China Makes It A Crime To Question Military Casualties On The Internet

BEIJING — When China acknowledged this year that four of its soldiers had died fighting Indian forces on the two countries’ disputed mountain border eight months prior, the irreverent blogger Little Spicy Pen Ball had questions.

“If the four [Chinese] soldiers died trying to rescue their fellow soldiers, then there must have been those who were not successfully rescued,” he wrote on Feb. 19 to his 2.5 million followers on Weibo, a Chinese social media site. “This means the fatalities could not have just been four.”

The day after, Qiu Ziming, the 38-year-old former newspaper journalist behind the blog, was detained and criminally charged. If convicted, he faces a sentence of up to three years.

“Little Spicy Pen Ball maliciously slandered and degraded the heroes defending our country and the border,” according to the annual work report published by the country’s chief prosecutor office this month.

A contrite Qiu, sitting behind bars, called his actions “an obliteration of conscience” in a taped statement aired on the state broadcaster’s prime-time news show on March 1.

Qiu’s is the first case to be tried under a sweeping new criminal law that took effect March 1. The new law penalizes “infringing on the reputation and honor of revolutionary heroes.” At least six other people have been detained or charged with defaming “martyrs.” The government uses the terms “revolutionary heroes” and “martyrs” for anyone it memorializes for their sacrifice for the Communist Party.

The detentions typify the stricter controls over online speech under Chinese leader Xi Jinping, which have deterred nearly all open dissent in the country. The new law even seeks to criminalize speech made outside China.

Such is the case of Wang Jingyu, 19, who lives in the United States and is now a wanted man in his hometown of Chongqing, China. The authorities accuse him of slandering dead Chinese soldiers after Weibo reported him for a comment questioning the number of border fight casualties.

“This is killing a monkey to scare the chickens,” Wang says. “The Chinese state wants to show others that if anyone wants to be like me or relay the truth, then you will be pursued.”

A 2018 law allows police to investigate speech defaming martyrs. Several people have been detained as a result, according to an online spreadsheet kept by a free speech activist, but such behavior did not carry a jail sentence until now.

“Cyberspace is not outside the law,” the Chongqing public security bureau said in an online notice after it declared Wang would be “pursued online” for his comments. “Public security organs will crack down on acts that openly insult the deeds and spirit of heroes and martyrs in accordance with the law.”

It’s unclear how authorities plan to apprehend Wang. A police officer who contacted Wang, asking him to turn himself in, did not answer calls and texts from NPR.

China’s ruling Communist Party is hyper-sensitive to challenges of its rule. One of the newer threats it has identified is “historical nihilism” — that is, rejecting the party’s official version of history and its pantheon of revolutionary heroes and martyrs.

The four Chinese soldiers who died during the border clash last June are the newest members of this canon. They were killed high up in the Himalayas, where hundreds of Chinese and Indian soldiers armed with nothing but stones and batons beat each other bloody, with each side accusing the other of alleged encroachments over an unmarked border line. Days after the incident, India said 20 of its troops died in the brawl.

China refused to confirm fatalities on its side until this February, when it released the names of four soldiers killed and a fifth who was critically injured in the disputed Galwan Valley area. State media ran extensive footage of their service and the last hours of their lives.

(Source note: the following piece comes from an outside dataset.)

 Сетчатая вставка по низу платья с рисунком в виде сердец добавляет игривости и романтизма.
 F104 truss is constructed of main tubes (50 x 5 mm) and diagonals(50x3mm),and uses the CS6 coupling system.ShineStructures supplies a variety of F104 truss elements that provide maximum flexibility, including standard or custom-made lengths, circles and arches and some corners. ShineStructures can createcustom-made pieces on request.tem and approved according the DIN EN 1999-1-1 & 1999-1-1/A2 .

The sudden media blitz infuriated Wang, he says. He had closely followed China and India’s border tensions and questioned the initial lack of fatalities reported by China. He wondered about the families of the soldiers who he suspected had died, left to grieve silently in the absence of official recognition.

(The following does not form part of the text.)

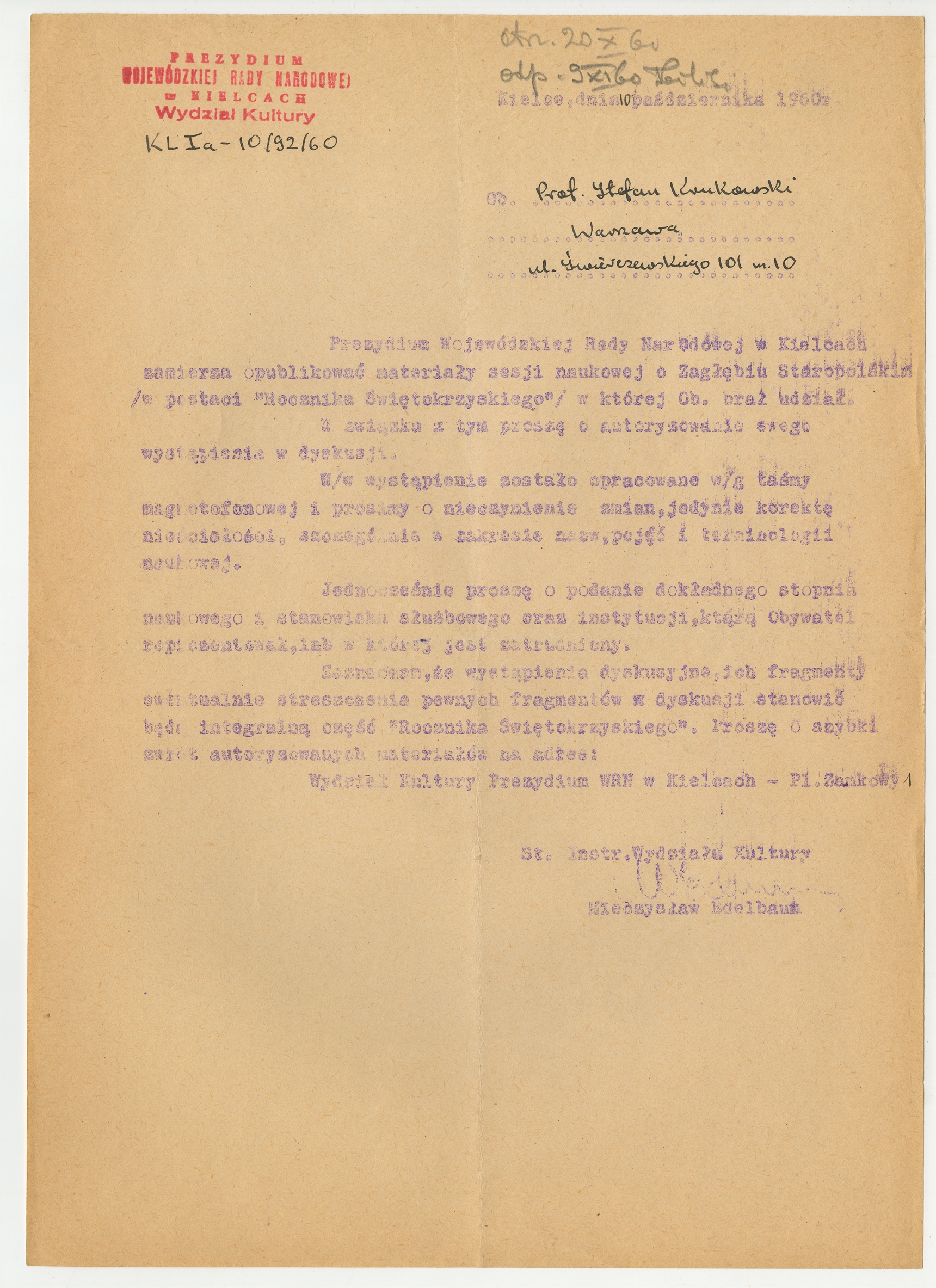 Maszynopis - list Mieczysława Edelbauta do Stefana Krukowskiego z dnia 10 października 1960 roku

In late February, as he sat in the backseat of a friend’s car in Europe, Wang went back and forth for half an hour over whether to write anything online. He currently lives in California but his parents remain in the Chinese municipality of Chongqing, where they worked for two state-owned firms.

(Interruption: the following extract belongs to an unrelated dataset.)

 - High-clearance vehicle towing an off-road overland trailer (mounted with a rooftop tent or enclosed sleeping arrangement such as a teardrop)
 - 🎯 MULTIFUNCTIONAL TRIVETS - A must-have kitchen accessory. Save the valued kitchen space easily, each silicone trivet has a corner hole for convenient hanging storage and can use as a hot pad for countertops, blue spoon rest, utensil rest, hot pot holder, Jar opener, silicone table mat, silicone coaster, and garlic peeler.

“I knew if I mocked these soldiers, it would bring a negative impact on my parents,” Wang says. “But I was just too angry.” He pressed publish on three comments under a news item lauding the four Chinese troops.

The People’s Liberation Army soldiers “deserved to die,” he wrote, and the Indian forces were within their rights to confront their “offenders.” Wang now acknowledges the comments were offensive, but he says he deliberately crafted them to push the bounds of speech in China.

His comments went viral and were aired on China’s most-watched evening news program. Shortly after, Wang says his parents were questioned for hours by police officers.

Chongqing’s police department did not respond to a request for comment.

In the days following his social media posts, Wang says his mother and father were kept under effective house arrest in their Chongqing home, where they were able to call Wang twice, briefly, under police watch. He has been unable to reach them since.

“They told me they support me, and they are proud of me,” Wang said.

Amy Cheng contributed research from Beijing.